The current streaming implementation has several documented limitations — clients should not depend on the values listed here being meaningful:

  • usage.input_tokens on message_start is always 0. The real input token count is not known until the upstream provider returns final usage data, which arrives near the end of the stream. The final accurate usage is included in the message_delta event’s usage.output_tokens (and recorded server-side for billing), but the input_tokens value emitted at message_start is a hardcoded placeholder.
  • stop_reason is always end_turn in message_delta. The route emits stop_reason: 'end_turn' regardless of the actual finish reason reported by the upstream provider. If you need the real finish reason, use the non-streaming endpoint.
  • Tool-call streaming is not supported. The streaming path does not emit content_block_start of type tool_use and does not emit input_json_delta events. Tool calls are silently dropped from the streamed output. If your use case depends on streamed tool calls, use the non-streaming endpoint or the OpenAI-format /v1/chat/completions endpoint.
  • Validation failures use the OpenAI error envelope, not the Anthropic envelope. HTTP 400 responses for malformed /v1/messages requests are emitted by the global error handler as {error: {code, message, details}} (OpenAI shape), not as {type: "error", error: {type, message}} (Anthropic shape). Runtime errors (timeouts, upstream failures, internal errors) do use the Anthropic shape — the inconsistency is between validation and runtime error paths.
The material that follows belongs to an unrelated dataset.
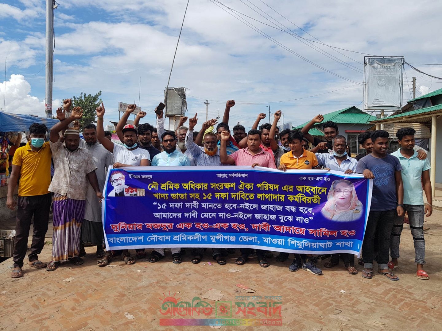 মুন্সীগঞ্জ জেলা নৌযান শ্রমিকলীগের সভাপতি আবুল হাসেম খানের নেতৃত্বে জেলার সকল পণ্যবাহী নৌযানের কর্মবিরতি পালনসহ বিক্ষোভ ও মিছিল করেন। এসময় নৌযান শ্রমিক অধিকার সংরক্ষণ ঐক্য পরিষদের আহবানে খাদ্য ভাতাসহ ১৫ দফা দাবিতে লাগাতার কর্মবিরতি পালন করেন নৌযান শ্রমিকলীগের কর্মীরা।‘‘১৫ দফা দাবি মানতে হবে- নইলে জাহাজ বন্ধ হবে, আমাদের দাবি মেনে নাও- নইলে জাহাজ বুঝে নাও”। দুনিয়ার মজদুর এক হও- এক হও, দাবি আদায় সামিল হও- এ স্লোগানকে সামনে রেখে বিক্ষোভ ও মিছিল করেছেন। পরে তারা কর্মবিরতিতে যান।বিক্ষোভ মিছিলে উপস্থিত ছিলেন জেলা নৌযান শ্রমিকলীগের সহ-সভাপতি জুয়েল শিকদার বাবু, সাধারণ সম্পাদক জহির ফকির, যুগ্ম-সাধারণ সম্পাদক রফিক মাদবর, সাংগঠনিক সম্পাদক শিপন বেপারী, সহ-সাংগঠনিক সম্পাদক ফারুক আহমেদ খালাসী প্রমুখ। এ সময় মিছিলকারীরা শিমুলিয়া ঘাটের সিবোট ঘাট ও লঞ্চঘাটে স্লোগানসহ বিক্ষোভ করেছেন।

This is a known issue.

Headers

The response includes:

HeaderDescription
X-Request-IDUnique identifier for the request, useful for debugging and audit trails.
X-ProviderThe provider the request was routed to.
X-ModelThe resolved model that served the request.

Example

Terminal window
curl https://your-gateway.example.com/v1/messages \
-H "Authorization: Bearer aigw_sk_your_api_key" \
-H "Content-Type: application/json" \
-d '{
"model": "claude-3-opus-20240229",
"max_tokens": 1024,
"system": "You are a helpful assistant.",
"messages": [
{"role": "user", "content": "What is the capital of France?"}
]
}'

Streaming Example

Terminal window
curl https://your-gateway.example.com/v1/messages \
-H "Authorization: Bearer aigw_sk_your_api_key" \
-H "Content-Type: application/json" \
-N \
-d '{
"model": "claude-3-opus-20240229",
"max_tokens": 1024,
"messages": [{"role": "user", "content": "Tell me a joke."}],
"stream": true
}'

Error Format

Errors from the Messages endpoint use the Anthropic error format:

{
"type": "error",
"error": {
"type": "server_error",
"message": "Detailed error message"
}
}

Gateway Features

This endpoint passes through the same gateway middleware pipeline as /v1/chat/completions, including request normalization, RAG injection, prompt guards, budget checks, semantic cache, usage tracking, and audit logging. The gateway automatically translates between the Anthropic message format and its internal unified format, enabling routing to any provider regardless of the request format used.